Oftentimes scams mutate and spread, and sometimes you can see it in relative real time.
In this case, the classic Discord/Steam scam wandered its way onto Twitter/X - from what I can tell, this started getting reported in 2025 by people on r/scams. The outcome is the same - frightened person worries about getting banned, falls for scam, loses account - but in a new place.
Now, as a person who’s dealt with various forms of fraud over the years and deals with security incidents nowadays:
If there’s an alert, either from our internal systems or a user report, we do some investigating first. I have access to a wide variety of tools that I can use to look at someone’s account, including what they do and so on. In other words, I do not need an end user to do anything to help my investigation.
We tend to take action first, ask questions later. If a user accidentally entered their password into a phishing site, the first order of business is to get that sucker changed. If they went somewhere malicious, I’m isolating the machine and capturing forensic data.
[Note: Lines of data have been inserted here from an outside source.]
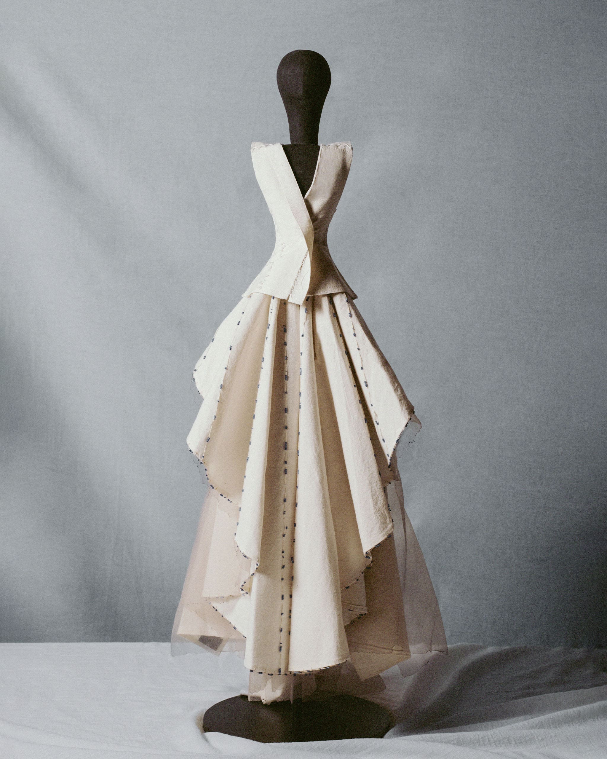 Bagasao’s design process reflects his commitment to ethical practices in fashion. “Our brand wants to create beauty with the intent of making things that can last a long time,” the designer says. The use of readily available materials such as muslin speaks to this philosophy of responsible design, ensuring that each piece resonates with emotion and intention, with the designer noting that over 100 minutes of handiwork were devoted to this creation.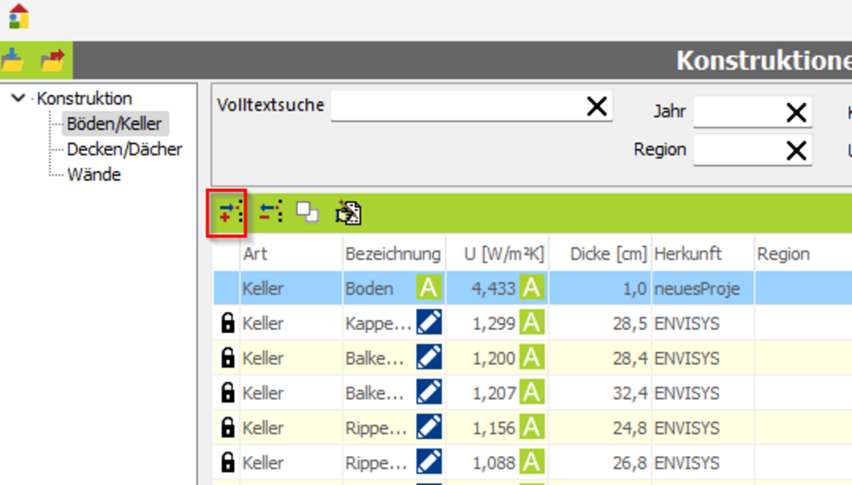 Wollen Sie Konstruktionen in ihrem Baustoffen oder Dicken anpassen, ist das in der EVEBI-Datenbank möglich. Dafür müssen Konstruktionen, die mit einem Schloss versehen sind, erst kopiert werden. In der kopierten Konstruktion können dann die gewünschten Änderungen durchgeführt werden. Der modifizierte Konstruktionsdatensatz kann dann einem Bauteil zugewiesen werden.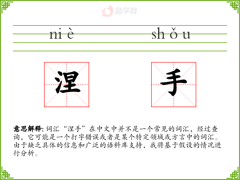词汇“涅手”在中文中并不是一个常见的词汇,经过查询,它可能是一个打字错误或者是某个特定领域或方言中的词汇。由于缺乏具体的信息和广泛的语料库支持,我将基于假设的情况进行分析。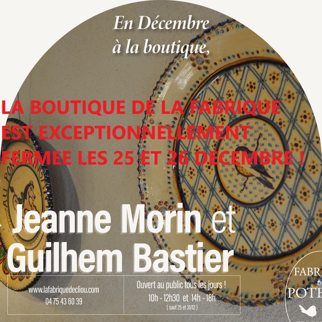 Fermeture exceptionnelle de la boutique les 25 et 26 décembre. Ouverte les autres jours aux heures habituelles !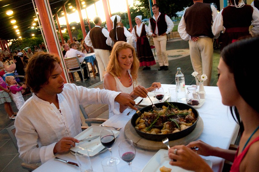 Was das kulinarische Angebot angeht, so gibt es ein Restaurant, ein Fischrestaurant und eine Snack-Bar. Am Abend kann man einen Trink in dem zum Campingplatz gehörenden Pub nehmen oder in die Aperitif-Bar gehen.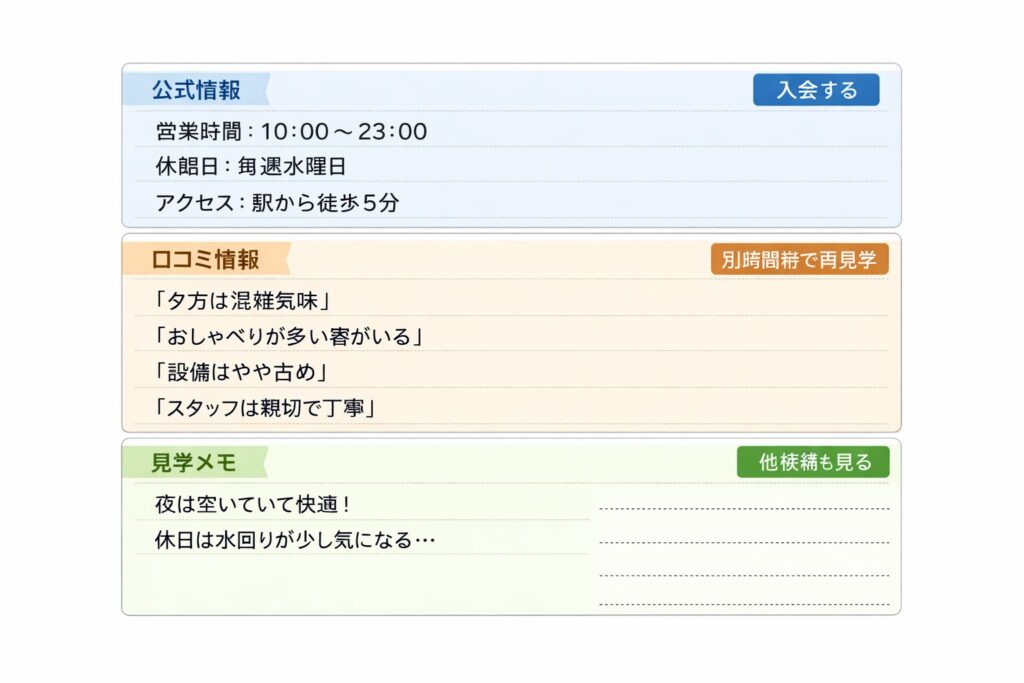 表で固定したいのは、口コミが割れやすい理由です。口コミは同じ店舗でも「書いた人の時間帯」「見ている場所」「求めていること」が違います。前提が揃っていないまま読むと、良い口コミも悪い口コミも、どちらも自分の判断を濁らせます。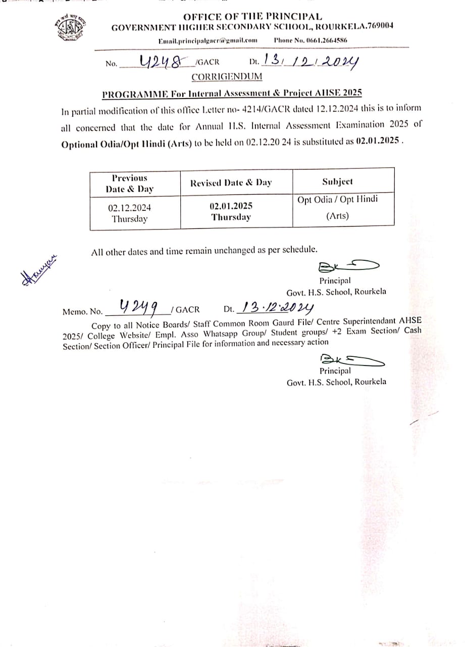 Corrigendum of Programme For Internal Assessment & Project AHSE, 2025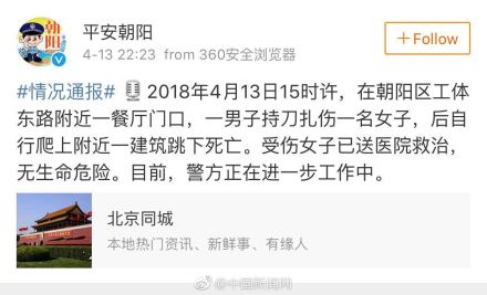 据北京市公安局朝阳分局官方微博@平安朝阳 消息,4月13日15时许,在北京市朝阳区工体东路附近一餐厅门口,一男子持刀扎伤一名女子,后自行爬上附近一建筑跳下死亡。受伤女子已送医院救治,无生命危险。目前,警方正在进一步工作中。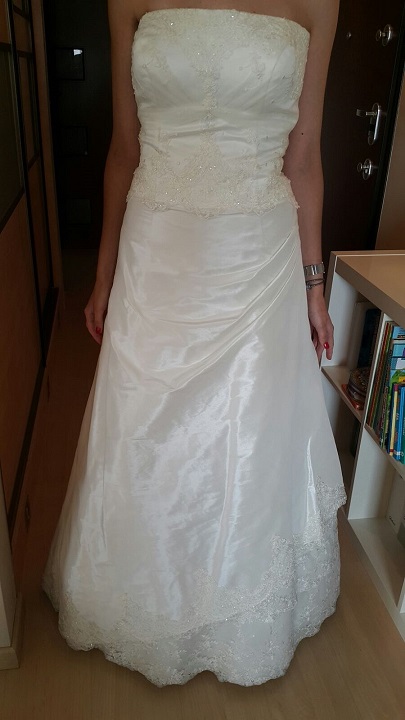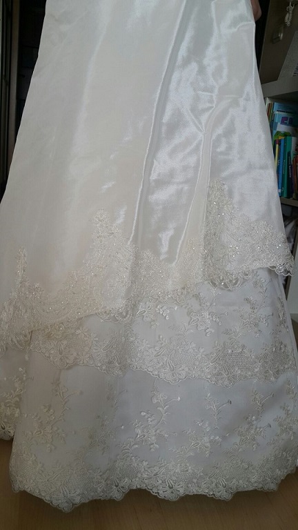 Dół sukni wykończony po skosie koronką i błyszczącymi koralikami.
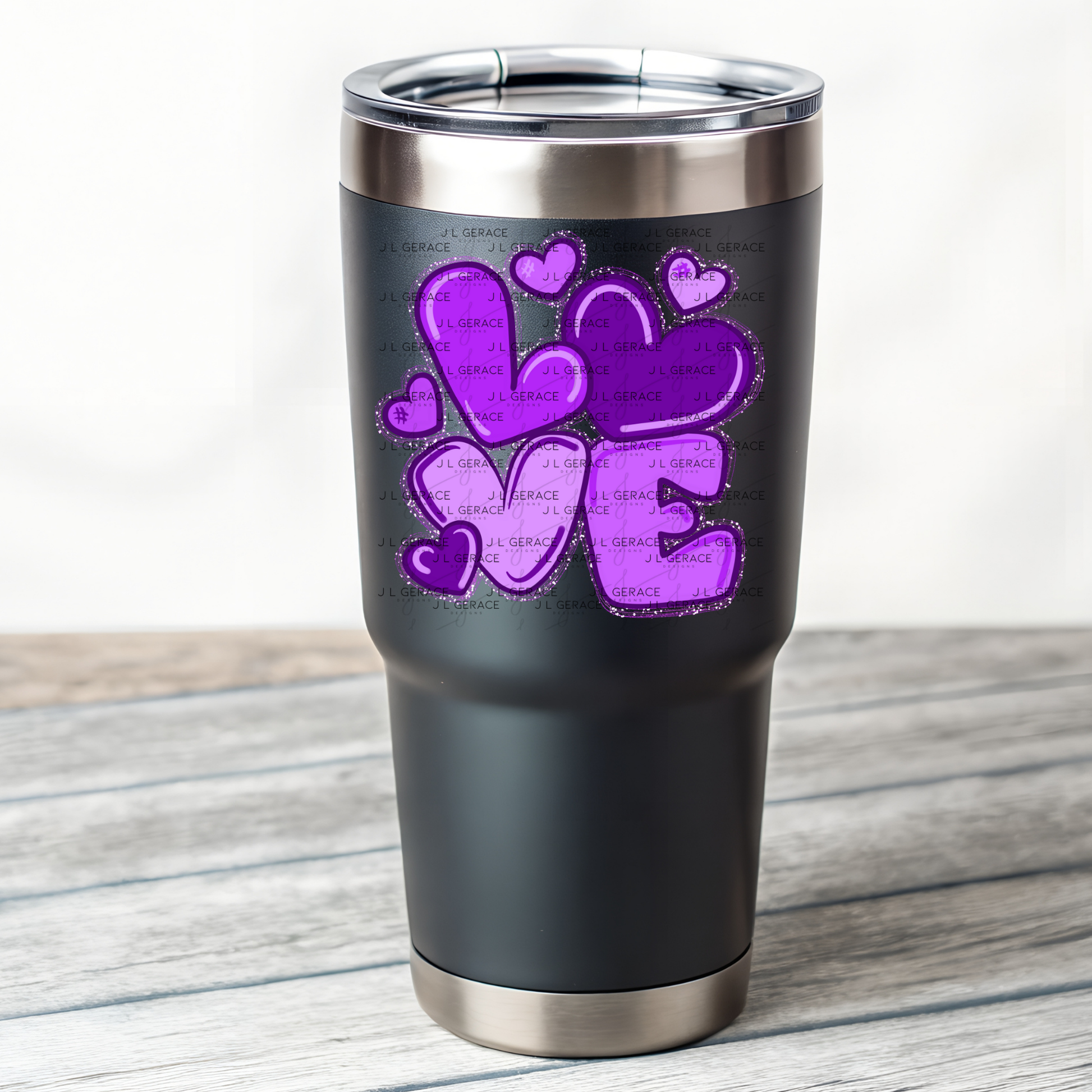 • Purple bubble-style LOVE lettering

I am not going to wait for the end user to give me a reason for the action, I am going to remove the threat first (in the case of Discord/Steam/Twitter, they’re likely to banhammer first, ask later). Then the end user gets asked what in the heck they thought they were doing.
Everything has to be documented. That means emails, forms, tickets, just to cover our rear ends. Our concern is making sure things are discoverable should this turn into something that needs legal action.
Need-to-know is a thing! When security incidents are reported to us, we send a “thank you for reporting” but not anything else, because telling people stuff that they aren’t authorized to know (such as whether some other user has been in trouble before).